R1
Open Source Statistics with R
Introduction
R is a mature, open-source (i.e. free!) statistics package, with an intuitive interface, excellent graphics and a vibrant community constantly adding new methods for the statistical investigation of your data to the library of packages available.
The goal of this tutorial is to introduce you to the R package, and not to be an introductory course in statistics.
Some excellent examples of using R can also be found at: http://msenux.redwoods.edu/math/R/ and http://www.r-tutor.com/
Getting Started
The very simplest thing we can do with R is to perform some arithmetic at the command prompt:
> phi <- (1+sqrt(5))/2
> phi
[1] 1.618034
Parentheses are used to modify the usual order of precedence of the operators (/ will typically be evaluated before +). Note the [1] accompanying the returned value. All numbers entered at the console are interpreted as a vector. The '[1]' indicates that the line in question is displaying the vector of values starting at first index. We can use the handy sequence function to create a vector containing more than a single element:
> odds <- seq(from=1, to=67, by=2)
> odds
[1] 1 3 5 7 9 11 13 15 17 19 21 23 25 27 29 31 33 35 37 39 41 43 45 47 49
[26] 51 53 55 57 59 61 63 65 67
From the above example, we can see that both the <- and = operators can be used for assignment.

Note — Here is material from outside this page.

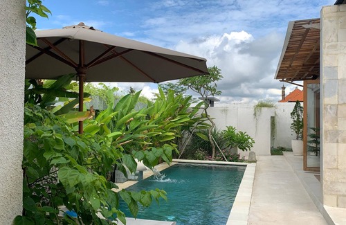 This villa is entirely private, just for you. At 200 sqm, it features a bedroom with an ensuite, a living room, a kitchen, a dedicated workspace (with WiFi up to150mbps), a private pool, and a rooftop with a rice field view. This airy and sunny place provides a quiet and peaceful atmosphere.

Vectors are commonly used data structures in R:
coords.bris <- c(51.5, 2.6)
As are matrices:
> magic <- matrix(data=c(2,7,6,9,5,1,4,3,8),nrow=3,ncol=3)
> magic
[,1] [,2] [,3]
[1,] 2 9 4
[2,] 7 5 3
[3,] 6 1 8
Where the c function combines the arguments given in the parentheses. We can access portions of the array using the syntax shown in the square brackets. For example, we can access the first row using the [1,] notation, and similarly the second column using [,2]. Since the square is 3x3 magic, the numbers in both slices should sum to 15:
> sum(magic[1,])
[1] 15
> sum(magic[,2])
[1] 15
Single elements and ranges can also accessed:
> magic[2,2]
[1] 5
> magic[2:3,2:3]
[,1] [,2]
[1,] 5 3
[2,] 1 8
R also provides arrays, which have more than two dimensions, and lists to hold heterogeneous collections.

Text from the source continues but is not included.